Sinking South Korea nuclear plant is safe - officials
Date: 09-Sep-02
Country: SOUTH KOREA
The Dong-a Ilbo daily had said last week part of the Ulsong nuclear power plant had sunk 7.54 mm (0.2968 inch) since 1978. The report was said to have been based on information from the Korea Hydro and Nuclear Power Co, which operates the power plant.
Quoting some geological experts, the newspaper also said the situation could get worse, particularly if there was a geological fault in the ground below the plant's number one nuclear reactor.
But Korea Hydro and Nuclear Power Co, a wholly-owned unit of state-run Korea Electric Power Corp (KEPCO) , said in a statement the subsidence was "within permissible limits of 12.95 mm" and rejected the suggestion of a (geological) fault near the plant.
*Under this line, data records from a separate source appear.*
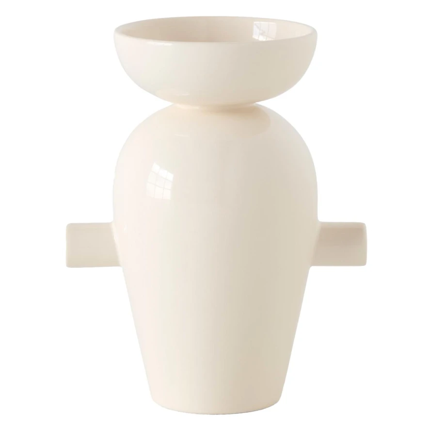 De vaas heeft een lengte 19,3 centimeter, een breedte van 15,2 centimeter en een hoogte van 28,8 centimeter. De vaas is gemaakt van keramiek en heeft een crèmekleurige afwerking.
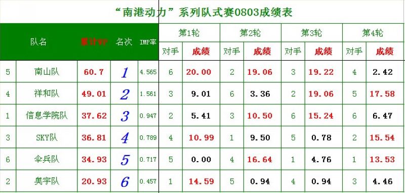 “南港动力”系列队式赛0803
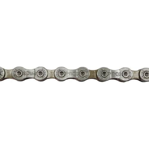 Corrente fina 9 velocidades 1/2x11/128 116 elos index Embalagem em polybag Para uso em: bicicletas que utilizam roda livre de 9 velocidades ou pinhão k-9 Medida: ½ x 11/128 polegadas 116 elos Marca: paco Composição: aço
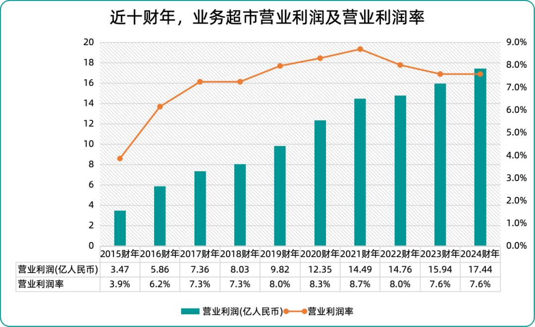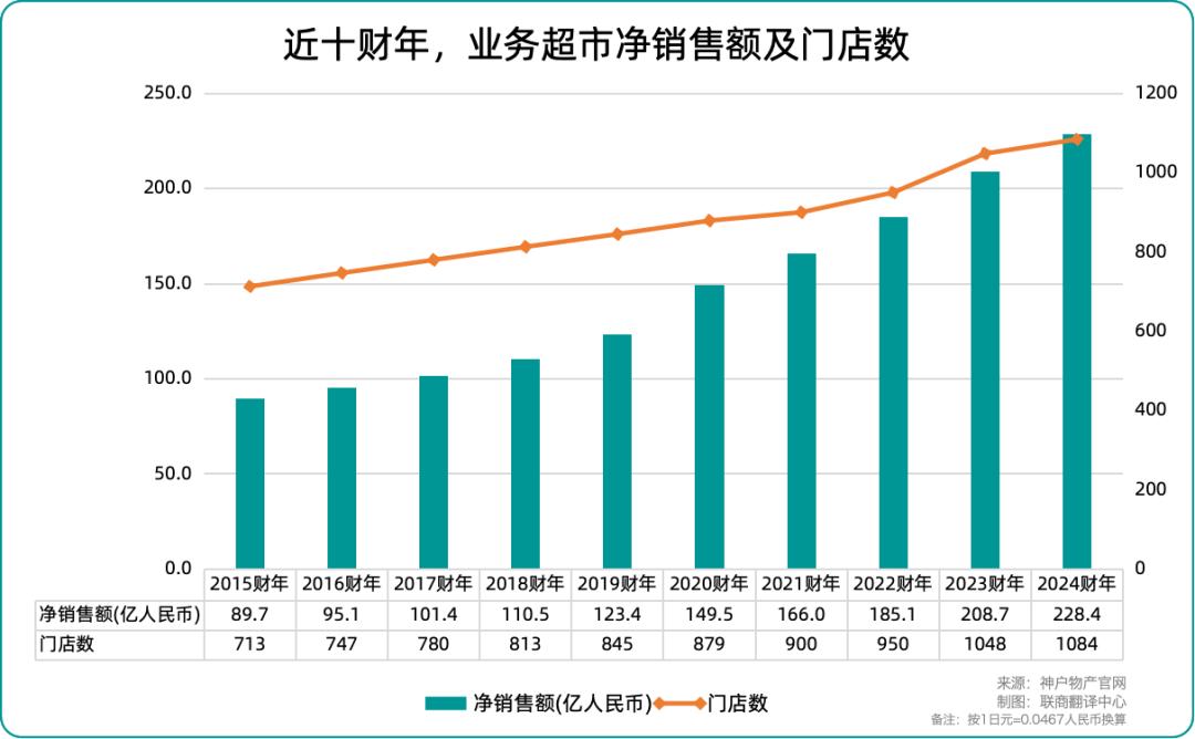 联商网统计发现,在2015-2024财年间,业务超市净销售额累计增长154.7%,年均复合增长率约为10.9%,且增长势头依旧强劲,占神户物产总销售额的90%以上;门店总数从713家增长至1084家,十年净增371家,年均新增约37家门店,扩张节奏稳健。
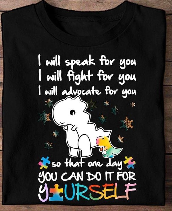 I Will Speak For You I Will Fight For You I Will Advocate For You So That One Day You Can Do It For Yourself Autism Dinosaur Shirt
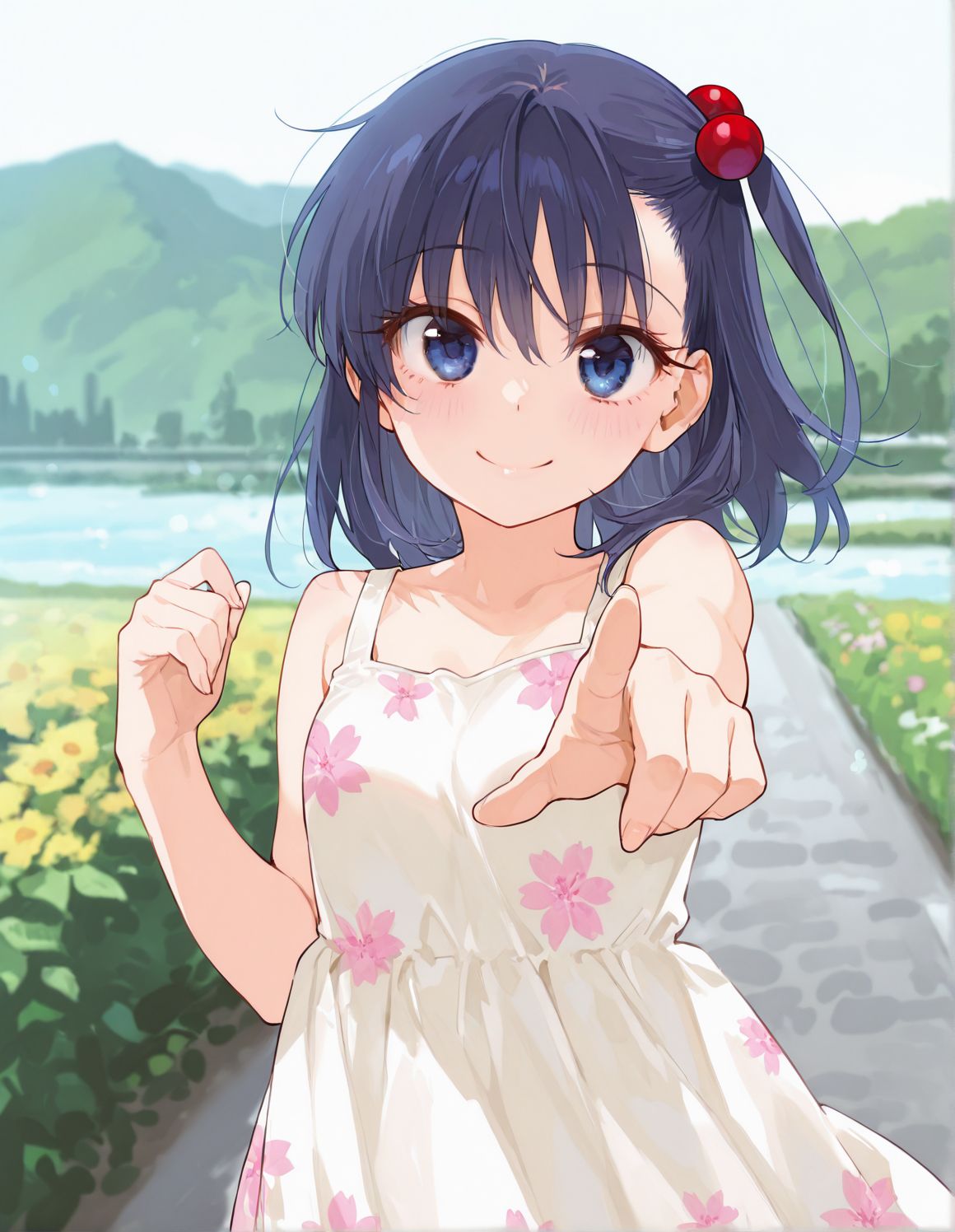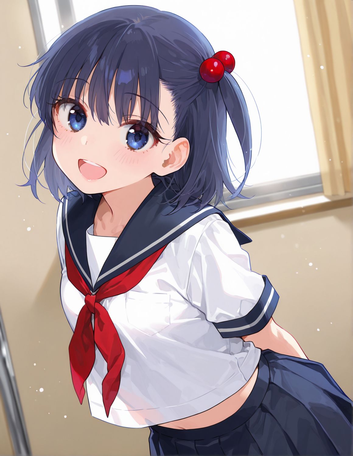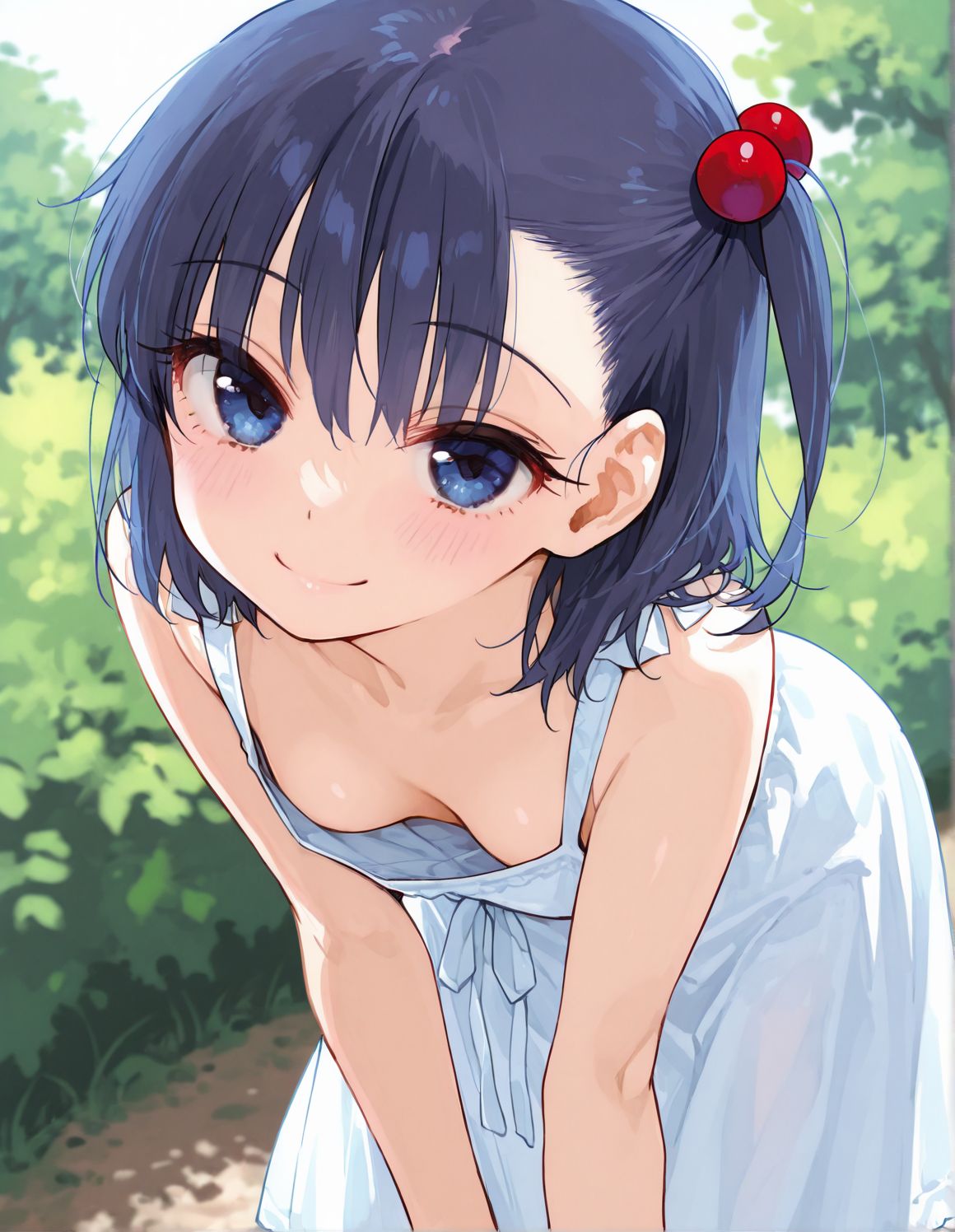 satonaka chie \(ooya-san wa shishunki\), blue eyes, hair ornament, hair bobbles, blue hair, one side up, short hair, side ponytail,
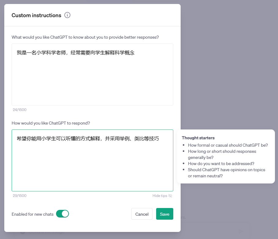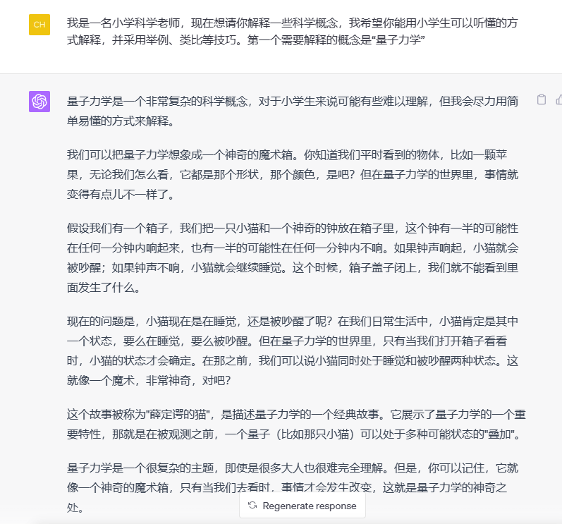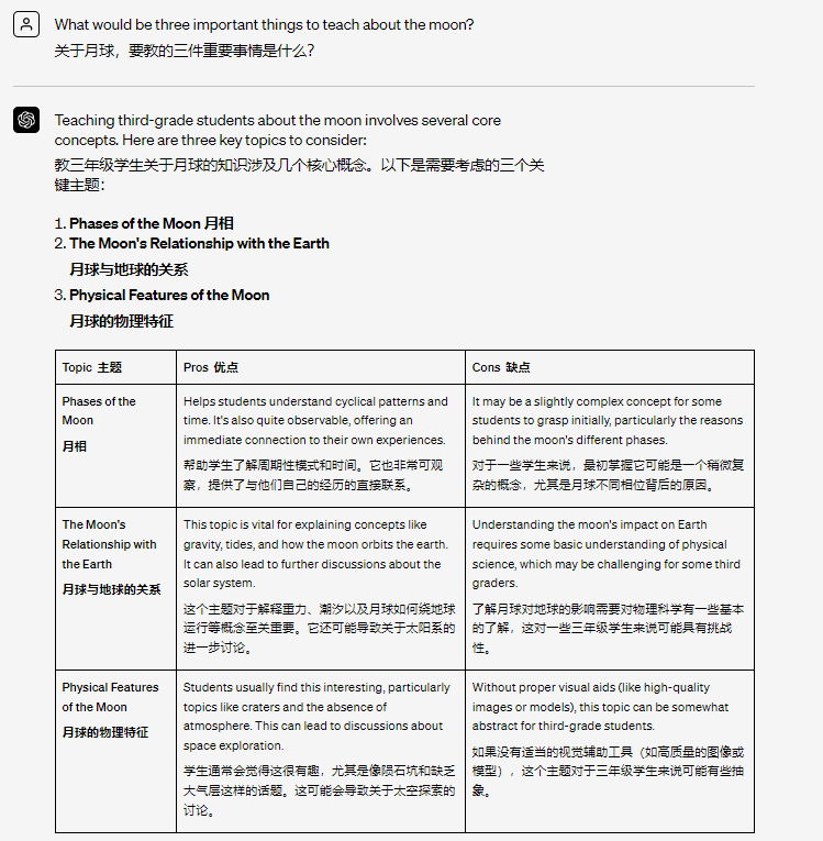 举个例子,假如你是一位小学老师,你可以在回答第一个问题时告诉 ChatGPT 你的工作内容(教授小学科学),在回答第二个问题时限定回答格式(以表格方式呈现,概述优缺点等)。
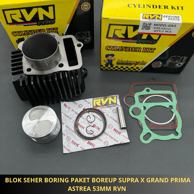 [Mall] RVN CYLINDER BLOK SEHER BORING KOMPLIT BORE UP GN5 SUPRA X WIN GRAND PRIMA ASTREA 53MM 53 MM BLOCK SEHER BORUP FR
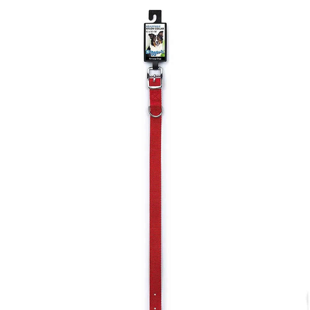 This 3/4" x 16" red-collar features a chrome-plated buckle and strong double-layer nylon for medium/large size dogs.
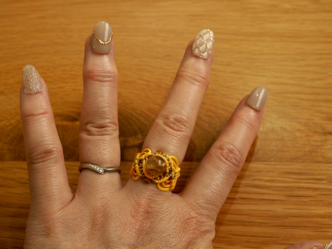 マクラメ編みリングです。

"It does not threaten the safety at all and it is not sinking any more," Ham Young-seung, a senior engineering official at Korea Hydro and Nuclear Power told Reuters.
The company said they had expected the subsidence before they started building the plant completed in 1983, but went ahead with their plan as geological experts said it was not a problem.
A geology professor at a local university also said the newspaper report appeared alarmist.
"It is more like an assumption that a fault is near the plant. And I don't see the ground would sink further," said the professor, who asked not to be identified.
The power plant has four nuclear power reactors with combined power generation capacity of 2,770 megawatts (MW).
Nuclear power supplies about 40 percent of South Korea's total electricity demand.